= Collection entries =

:::

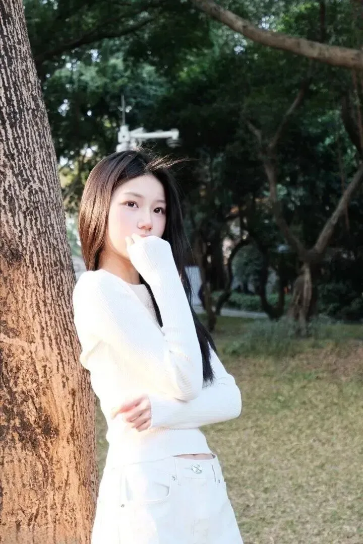 如果你想穿得温柔又带点小气质,这绝对合适。小姐姐选择了米白色的长袖针织上衣,穿在身上既合身又美观地突出了身体的曲线。圆领设计使纤细的锁骨暴露出来,有格调。下身是一条米白色高腰阔腿牛仔裤,高腰设计一下就把腿拉长了,身材比例超好。整体为同色系,简单高级。她在树下站成一个“小人国”,双臂后缩地倚着身子,似一个“有福之妇”,脸庞有丝丝含笑之态。
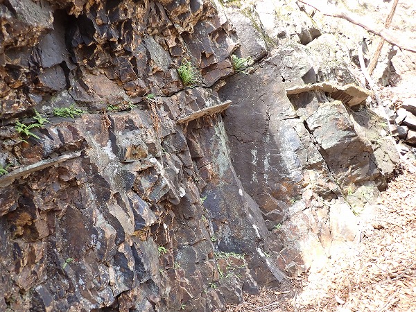 レールの有るマンガン採掘跡の確認後は昭和鉱山奥山坑(奥山鉱床)へと向かいます。
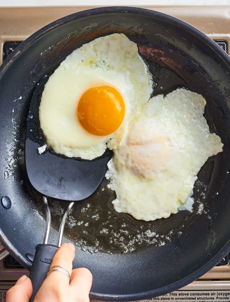 Let the eggs cook undisturbed. The whites will start to set while the yolk remains runny. This usually takes about 2-3 minutes. You can cover the skillet with a lid to help the top of the eggs cook without flipping.
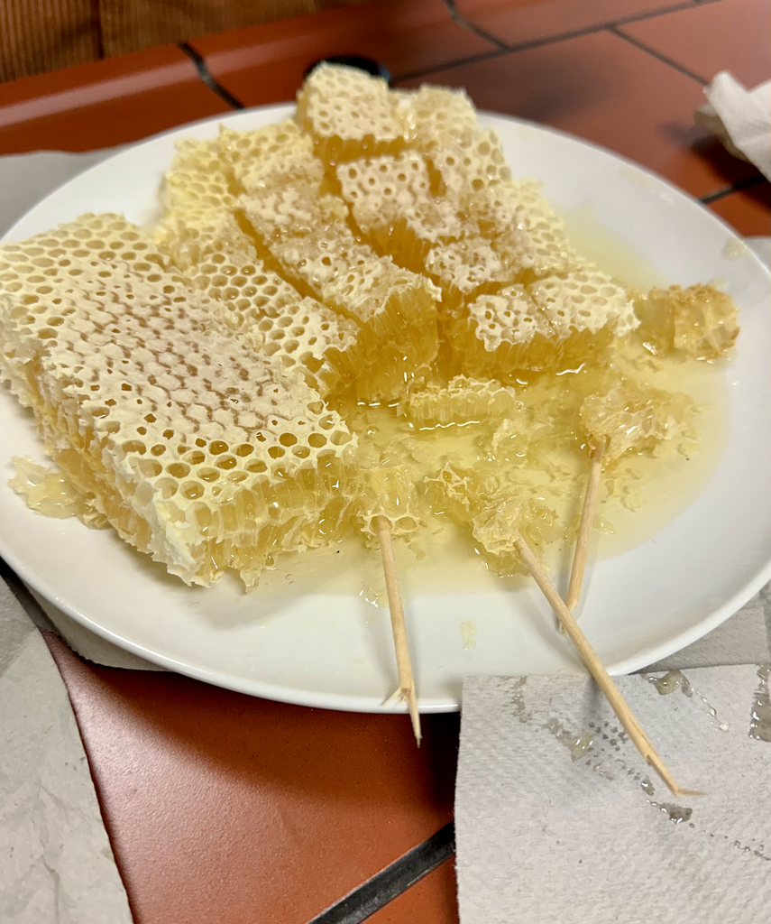 Abschließendes Highlight war das Probieren von Honigwaben. Frau Finn entfernte aus einem Rähmchen die Waben mitsamt des Honigs darin. Der Wachs aus den Waben ist unbedenklich und kann mitgegessen werden. Die Schüler*innen der Klasse bekamen also die Möglichkeit, den wohl frischesten Honig zu essen, den man sich nur vorstellen kann – direkt von der Wabe mit einem Zahnstocher in den Mund. Die Reaktionen waren gespalten. Einige Schüler*innen bekamen nicht genug, andere fanden den frischen Honig etwas zu süß. Insgesamt waren jedoch alle Schüler*innen von dem Erlebnis begeistert.
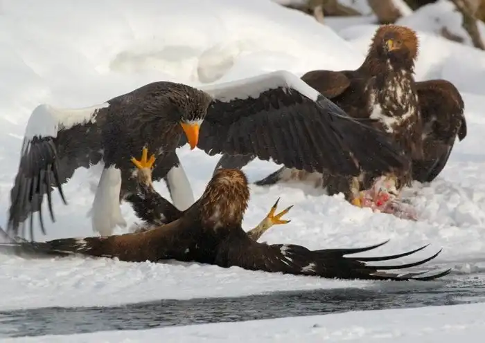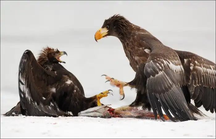 Белохвостый орлан с сожалением понял, что белоплечий собрат будет терроризировать его ещё полвека.

:::

= What is being asked =
Could every line above be set down exactly, with the pictures omitted?

= Answer to the problem =
 如果你想穿得温柔又带点小气质,这绝对合适。小姐姐选择了米白色的长袖针织上衣,穿在身上既合身又美观地突出了身体的曲线。圆领设计使纤细的锁骨暴露出来,有格调。下身是一条米白色高腰阔腿牛仔裤,高腰设计一下就把腿拉长了,身材比例超好。整体为同色系,简单高级。她在树下站成一个“小人国”,双臂后缩地倚着身子,似一个“有福之妇”,脸庞有丝丝含笑之态。
 レールの有るマンガン採掘跡の確認後は昭和鉱山奥山坑(奥山鉱床)へと向かいます。
 Let the eggs cook undisturbed. The whites will start to set while the yolk remains runny. This usually takes about 2-3 minutes. You can cover the skillet with a lid to help the top of the eggs cook without flipping.
 Abschließendes Highlight war das Probieren von Honigwaben. Frau Finn entfernte aus einem Rähmchen die Waben mitsamt des Honigs darin. Der Wachs aus den Waben ist unbedenklich und kann mitgegessen werden. Die Schüler*innen der Klasse bekamen also die Möglichkeit, den wohl frischesten Honig zu essen, den man sich nur vorstellen kann – direkt von der Wabe mit einem Zahnstocher in den Mund. Die Reaktionen waren gespalten. Einige Schüler*innen bekamen nicht genug, andere fanden den frischen Honig etwas zu süß. Insgesamt waren jedoch alle Schüler*innen von dem Erlebnis begeistert.
 Белохвостый орлан с сожалением понял, что белоплечий собрат будет терроризировать его ещё полвека.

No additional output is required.